**GIVEN INFORMATION**
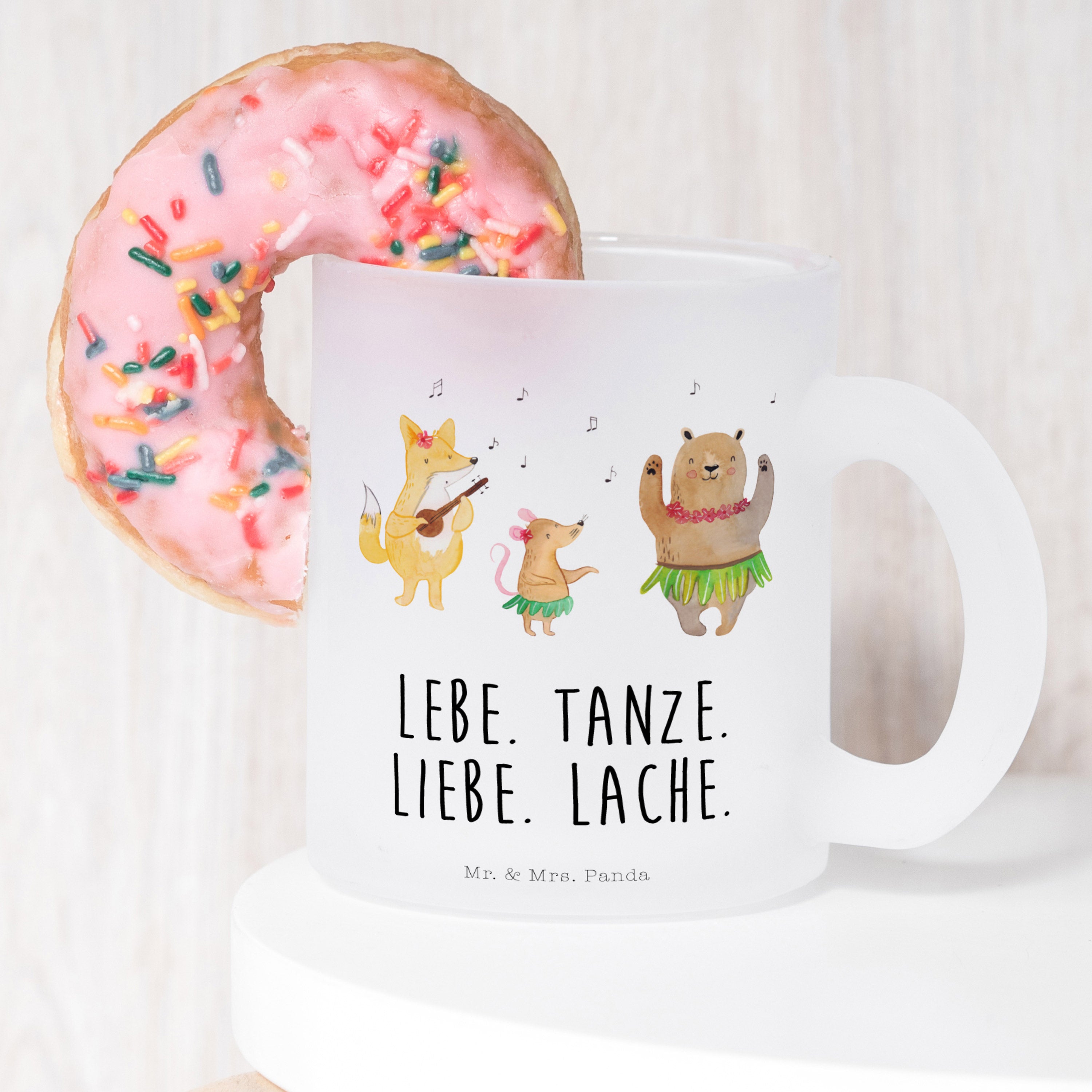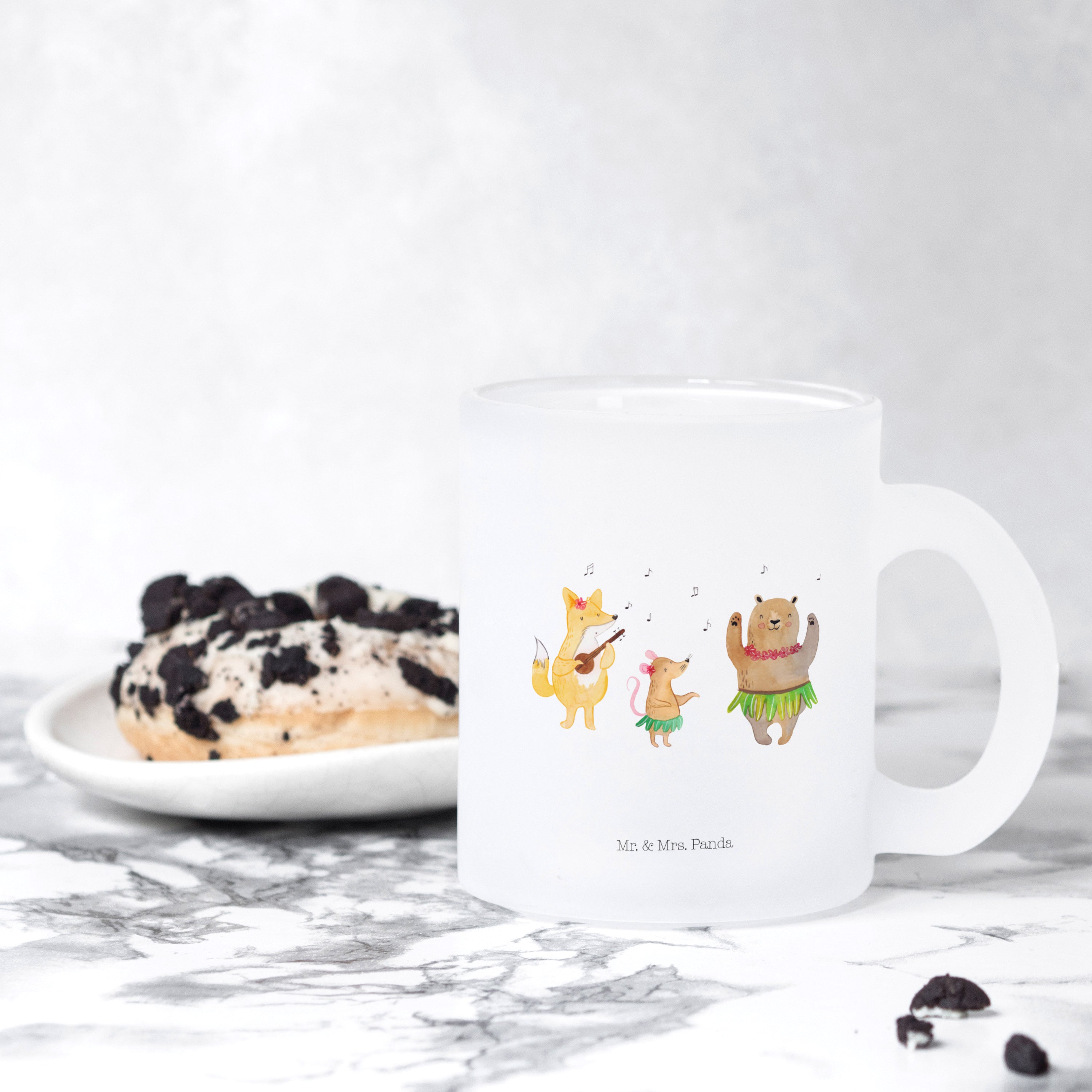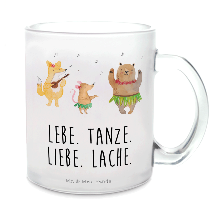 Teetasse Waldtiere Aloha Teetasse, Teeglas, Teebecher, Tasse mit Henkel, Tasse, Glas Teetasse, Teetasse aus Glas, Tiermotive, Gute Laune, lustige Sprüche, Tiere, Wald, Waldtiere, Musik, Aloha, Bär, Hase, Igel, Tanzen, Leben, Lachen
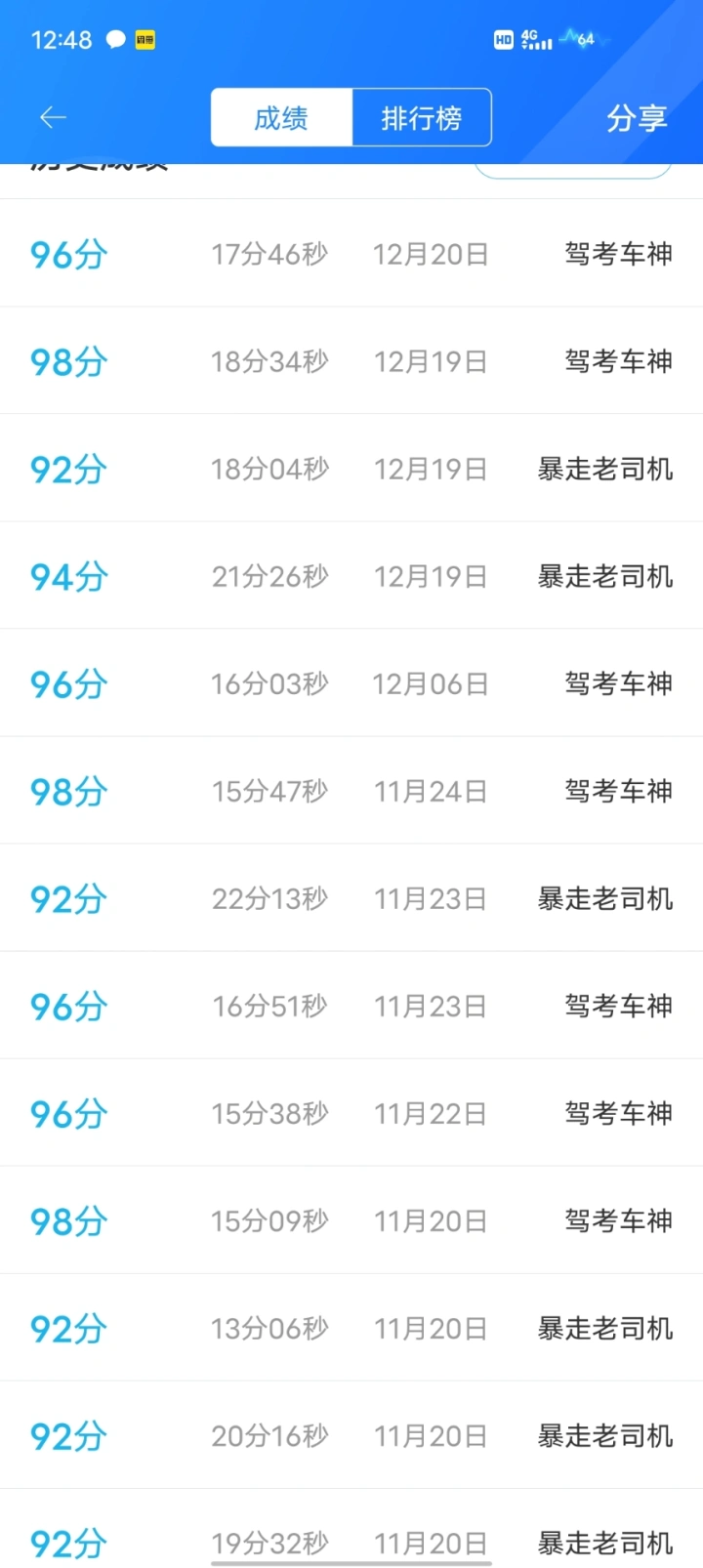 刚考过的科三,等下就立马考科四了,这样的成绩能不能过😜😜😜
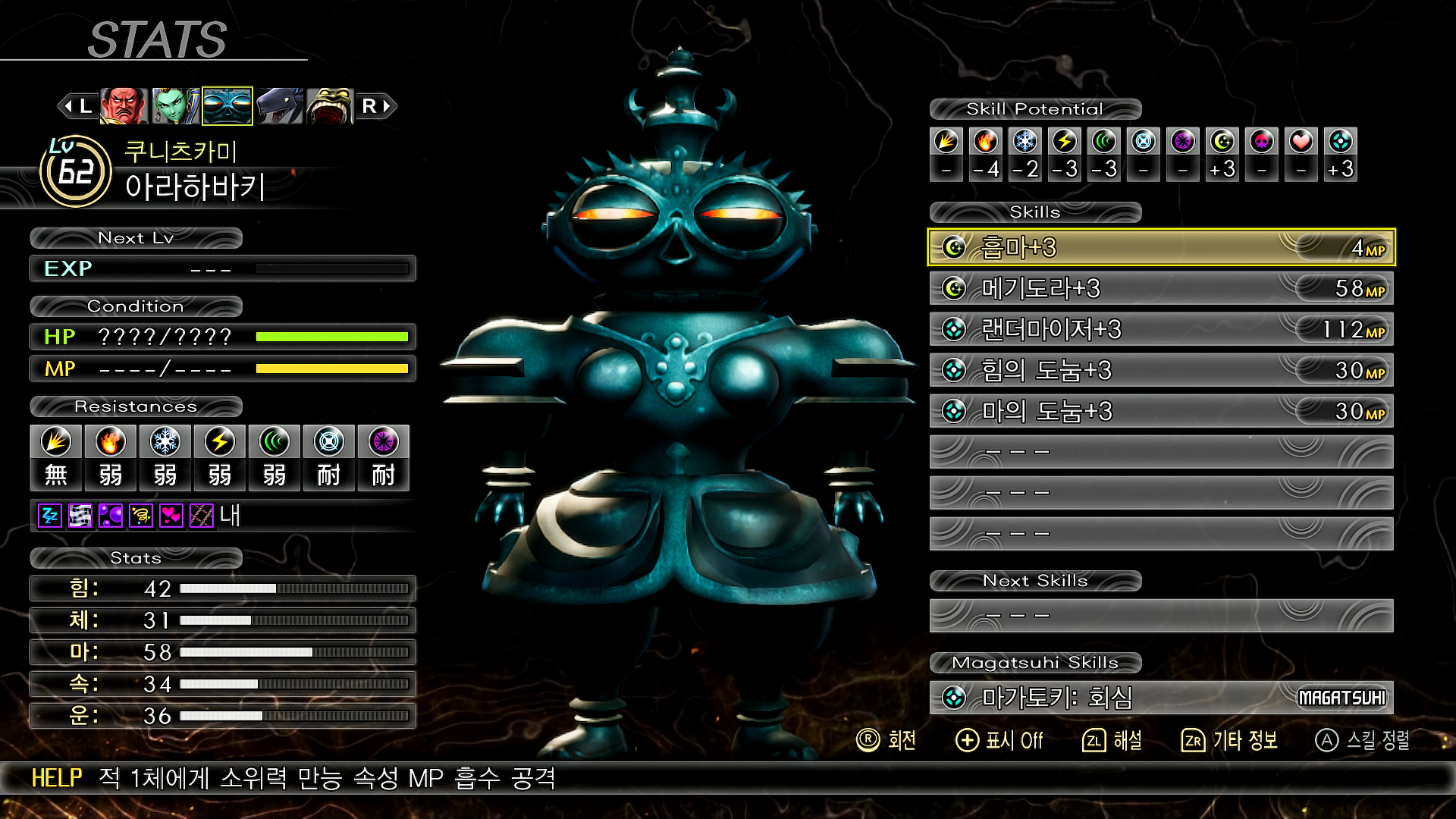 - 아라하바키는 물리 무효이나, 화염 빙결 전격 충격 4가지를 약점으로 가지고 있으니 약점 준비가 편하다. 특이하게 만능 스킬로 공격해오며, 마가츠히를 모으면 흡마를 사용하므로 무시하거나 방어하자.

**TASK BRIEF**
Leaving each image aside, repeat the listing above exactly.

**ANSWER**
 Teetasse Waldtiere Aloha Teetasse, Teeglas, Teebecher, Tasse mit Henkel, Tasse, Glas Teetasse, Teetasse aus Glas, Tiermotive, Gute Laune, lustige Sprüche, Tiere, Wald, Waldtiere, Musik, Aloha, Bär, Hase, Igel, Tanzen, Leben, Lachen
 刚考过的科三,等下就立马考科四了,这样的成绩能不能过😜😜😜
 - 아라하바키는 물리 무효이나, 화염 빙결 전격 충격 4가지를 약점으로 가지고 있으니 약점 준비가 편하다. 특이하게 만능 스킬로 공격해오며, 마가츠히를 모으면 흡마를 사용하므로 무시하거나 방어하자.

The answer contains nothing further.